FINANZIAMENTI EUROPEI – «Il Consiglio europeo ha ribadito anche oggi l’invito alla Banca europea per gli investimenti (Bei) di dare supporto per la realizzazione di infrastrutture, la copertura e le garanzie anche per la gestione dei crediti erogati dalle banche per progetti di singole imprese. All’Italia dovrebbe toccare una grossa fetta dei finanziamenti che il Consiglio europeo ha chiesto alla Banca europea degli investimenti di stanziare per le infrastrutture nei Paesi dell’Ue. L’invito che abbiamo dato alla Bei per sostenere le infrastrutture porterà ad una cifra complessiva di 30-40 miliardi, dei quali all’Italia calcoliamo che arrivi il 15-20%», ha spiegato il presidente del Consiglio.

TREMONTI – «La crisi finanziaria è stata contenuta da misure Usa e Ue» ha spiegato il ministro dell’Economia Giulio Tremonti.

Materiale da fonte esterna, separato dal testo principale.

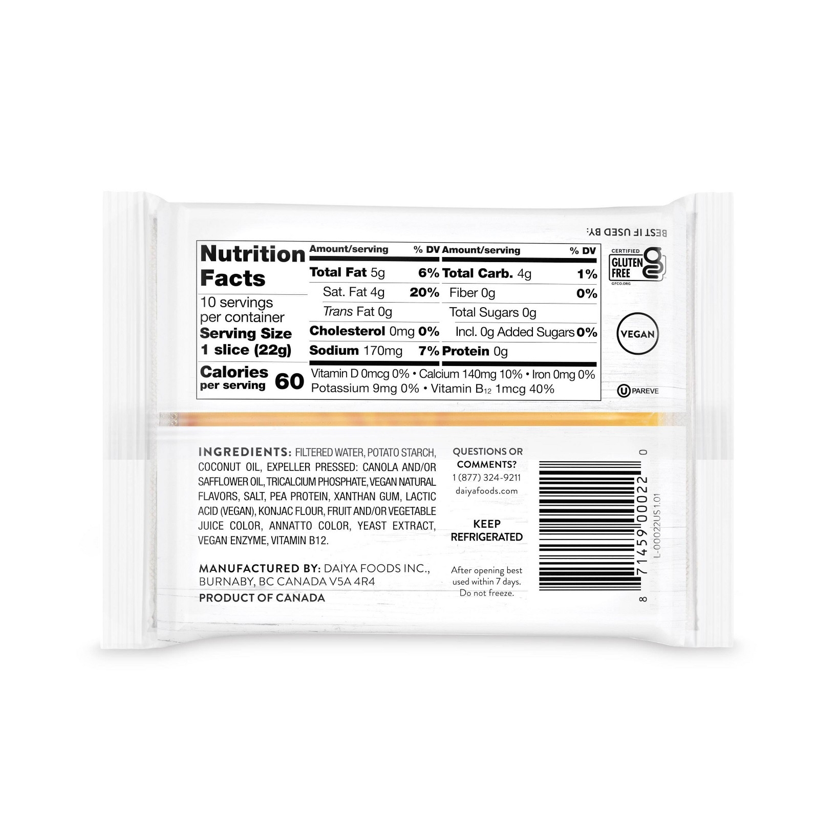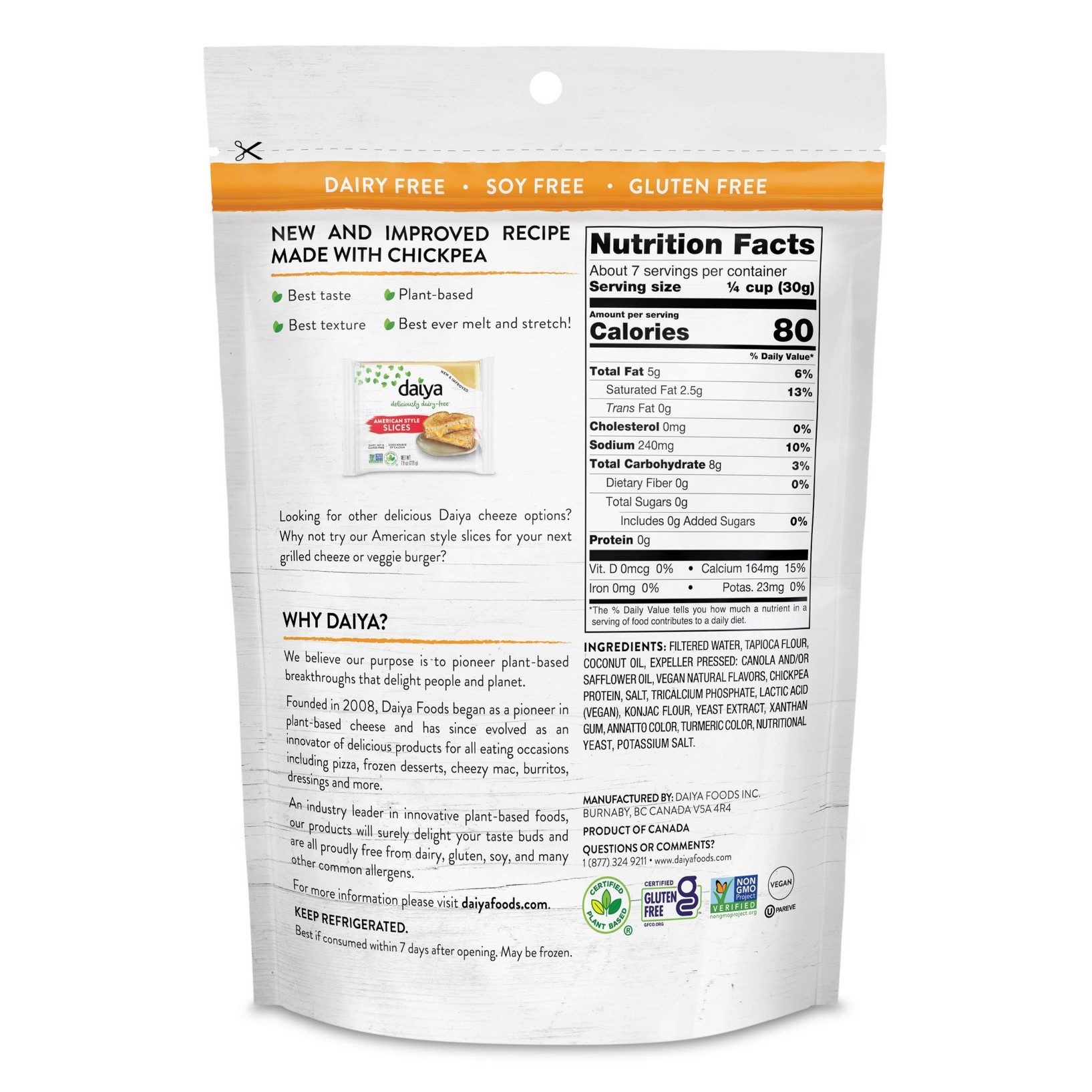u0026bull;ALLERGY-FRIENDLY – Our Daiya cheeze slices are free of most common allergens including dairy, gluten, soy, eggs, nuts, peanuts, shellfish u0026 fish, so you can indulge your dairy free cheese dreams without worry (or you know, side effects…).u003cbru003eu0026bull;VEGAN CHEESE THAT MELTS – At Daiya we’ve been perfecting our plant based cheeses for years and we’re delighted to say, we’ve nailed it. Get the melt and the delicious rich taste that you expect only to find in dairy-based cheese.u003cbru003eu0026bull;PLANT POWERED DELICIOUSNESS – We use only the finest plant-based ingredients in our vegan cheese – certified by Plant Based Foods Association. No artificial colors, flavors, or preservatives – nothing but natural goodness.u003cbru003eu0026bull;ENDLESS DAIRY FREE POSSIBILITIES – Anything dairy can do, our dairy free cheese slices can do – vegan! Sky’s the limit on your cheezy plant based creations.u003cbru003eu0026bull;TRY ALL 6 CHEEZE SLICE FLAVORS – With American Style, Smoked Gouda Style, Cheddar Style, Mozzarella Style, Swiss Style and Provolone Style – Daiya has a delicious plant based cheese slice for all of your cheeze needs.

Per Tremonti, l’andamento negativo delle Borse «riflette le preoccupazioni per l’economia reale» e non quella per le istituzioni finanziarie. A margine del Consiglio Ue, Tremonti ha spiegato: «Quel tipo di crisi devastante si può ragionevolmente dire sia stata contenuta. Resta sull’impatto sull’economia reale e sulla produzione industriale. E’ in atto in tutto il mondo ed è atteso in molti effetti. Noi crediamo che la crisi finanziaria sia stata gestita e contenuta in modo efficace in Europa».